I think (when it comes to art and communication), everything kind of went to hell with the combination of the collapse of conservatism in the George W Bush years, the rhetorical success of, especially, Jon Stewart, and the messianic rise of Obama. Because it ushered in a kind of generational change, and that meant that a lot of the Millennials, especially, developed their early political identities during the Bush years and then experienced a conversion experience with Obama, all while internalizing the worst elements of Jon Stewart's frequent stance of "we, the smart ones, don't even need to refute the arguments of these moral monsters and intellectual imbeciles, and so we will use a condescending sneer at them instead". And I mean, I liked that tone during the Bush years too - it was very fun and self-satisfying. But it mixes with thoughtful art really, really poorly, it doesn't do nuance or ambiguity, and it really only works when you're preaching to the choir. And once Obama swept it, it turned out that being against something legitimately lousy was easy mode, and when you're for things (like high speed rail in California, or a really aggressive trans agenda), and you leave a giant trail of wreckage in your wake, sneering at your opponents simply isn't enough. That doesn't persuade. It doesn't take reality seriously, or your own failures. Everything that made those messy dissident Boomers so effective had dried up. And I really do think radically different life experiences played a major role here. I think there's an ugly tendency in modern progressive culture broadly for people to want to feel as though they are both, at once, the eternal put upon victims and dissidents of power, while also the natural experts, the aristocratic power that stands in perpetual judgement due to intellectual merit and thus moral merit. And... that just really sucks for sophisticated art. And then the radicalization that happened in the lead up to Trump has just made everything vastly worse, of course. I've noted it before, but the run up to the 2016 election was the first time in my life that I had EVER seen artistically cooler, non-cringe media from Republicans than Democrats. It felt, at the time, like that was an important bellwether of something.

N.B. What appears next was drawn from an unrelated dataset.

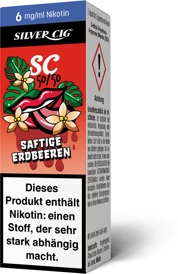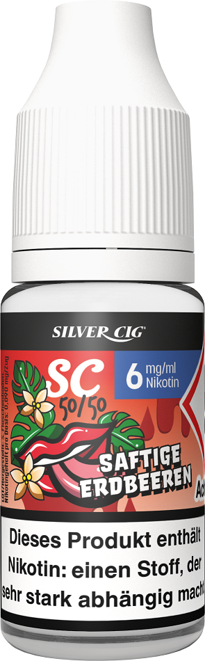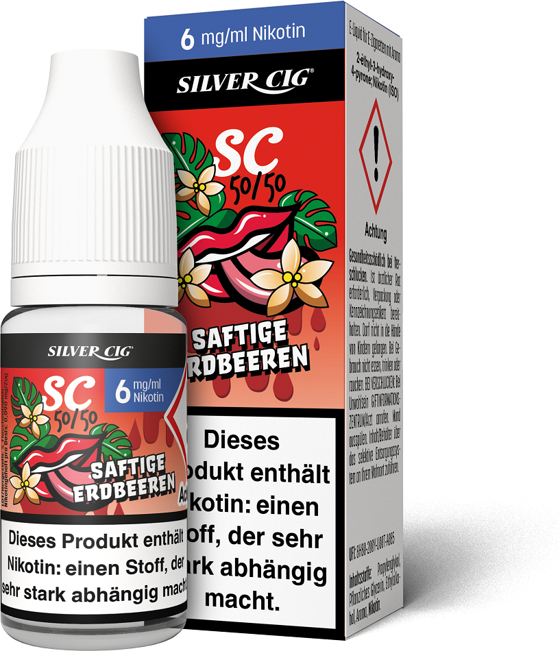 E-Liquid Silver-Cig SAFTIGE ERDBEERE 6mg/ml Nikotin 10ml im 5er Dsp.(DPT2 Konform EU Herstellung PG-VG Anteil 50/50%)(mit Steuerbanderole)

I've seen Freddie de Boer bemoan what he calls the "We are already decided" stance (or something like that). I think if you're in communities that have already adopted that stance, it becomes very difficult to make sophisticate, nuanced art that can reach out to people with other life experiences.

I remember early on in cancel culture Chris Rock (I think) talking about how he couldn't play colleges anymore. And he had some statement that was like, "You can't be wrong anymore on your way to being" - suggesting, I think, that even if you were going to tell a joke that ended up with an approved morality, you weren't allowed to even play around rhetorically with the unapproved morality, or give it is due, or take it serious, as a rhetorical technique before ending up where you were supposed to. I think I'm paraphrasing that roughly right. And I think (if I am) that that captured some of the specific tension I find so interesting here.